Trabalho escravo no Brasil

Ainda hoje, estima-se que mais de 160 mil trabalhadores, tanto negros, afrodescendentes e também brancos, pobres, são submetidos à condição análoga ao do trabalho escravo.

Por Juacy da Silva*

O Brasil durante quase quatro séculos, desde o período colonial, passando pelo Império e chegando até as vésperas da proclamação da República, em 1888, teve sua economia baseada na exploração do trabalho escravo, quando mais de 10 milhões de negros e negras foram comprados e trazidos para executarem todos os tipos de trabalho, deixando uma mancha indelével e vergonhosa em nossa história, chegando até a atualidade em sucessivas gerações de afrodescendentes, que ainda pagam um alto preço na forma de exclusão social, econômica e política, em manifestações racistas abertas ou disfarçadas e na vitimização pela onda de violência tão presente em nosso país na atualidade.

empresas-envolvidas-trabalho-escravoSó o trabalho, digno, com remuneração justa é que permite não apenas a sobrevivência, mas também a mobilidade social, o progresso, a melhoria do nível de vida e o sustento da família do trabalhador e oferece as condições da plena realização e libertação do ser humano.

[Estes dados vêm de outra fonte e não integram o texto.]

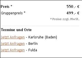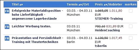 Beispiel aus der Online- Plattform seminarmarkt.de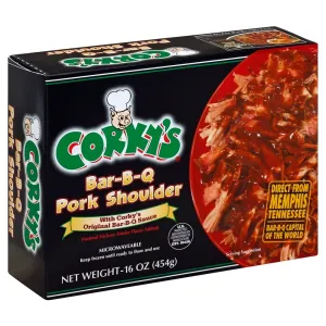 Pork Shoulder, Corky's Original Bar-B-Q Sauce (Water, Tomato Paste, High Fructose Corn Syrup, Molasses, Distilled Vinegar, Brown Sugar, Salt, Worcestershire Sauce (Distilled Vinegar, Molasses, Corn Syrup, Water, Salt, Caramel Color, Garlic Powder, Sugar, Spices, Tamarind, Natural Flavors), Cayenne Peppers, Natural Smoke Flavor, Dehydrated Onions, Soybean Oil, Dextrose, Dehydrated Garlic, Spice And Spice Extractives, Xanthan Gum, Sodium Benzoate, (Preservative), Guar Gum, Ascorbic Acid).
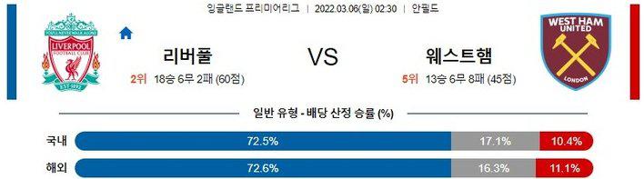열람중 【프리미어리그】 3월 6일 리버풀 vs 웨스트햄 2022.03.05 490

Boa parte, para não dizer a maior parte das fortunas de usineiros, mineradores, cafeicultores e demais ciclos econômicos foram construídas sobre o suor, o sangue e o desrespeito à dignidade dos afrodescendentes e de outros trabalhadores submetidos a esta ignomínia que é o trabalho escravo ou em condições análogas à escravidão.

Ainda hoje, estima-se que mais de 160 mil trabalhadores, tanto negros, afrodescendentes e também brancos, pobres, são submetidos à condição análoga ao do trabalho escravo tanto em setores como de construção civil, emprego doméstico quanto em atividades extrativistas, agropecuárias e outras mais.

O trabalho escravo atualmente é considerado crime, definido pelo artigo 114 do Código Penal, mas ante à precariedade de quadros e mecanismos de fiscalização ou da omissão e conivência dos organismos públicos que devem fiscalizar esta prática nefasta que ainda está presente em nosso pais, ainda convivemos com esta realidade tão cruel, o que não deixa de ser uma vergonha para o Brasil.

Conforme a CNBB (Conferência Nacional dos Bispos do Brasil) e a CPT (Comissão Pastoral da Terra), em 28 de janeiro, o Brasil celebra o Dia Nacional de Combate ao Trabalho Escravo. A data é uma homenagem ao assassinato dos auditores fiscais do trabalho Erastóstenes de Almeida Gonçalves, João Batista Soares Lage e Nelson José da Silva, e o motorista Ailton Pereira de Oliveira, no ano de 2004, quando apuravam denúncia de trabalho escravo na zona rural de Unaí (MG).

Apesar de já terem se passado mais de 15 anos este crime, da mesma forma que tantos outros crimes definidos como de exploração do trabalho escravo em nosso país, ainda continua impune, em decorrência da lentidão tanto das medidas investigativas quanto da tramitação dos processos no sistema judiciário.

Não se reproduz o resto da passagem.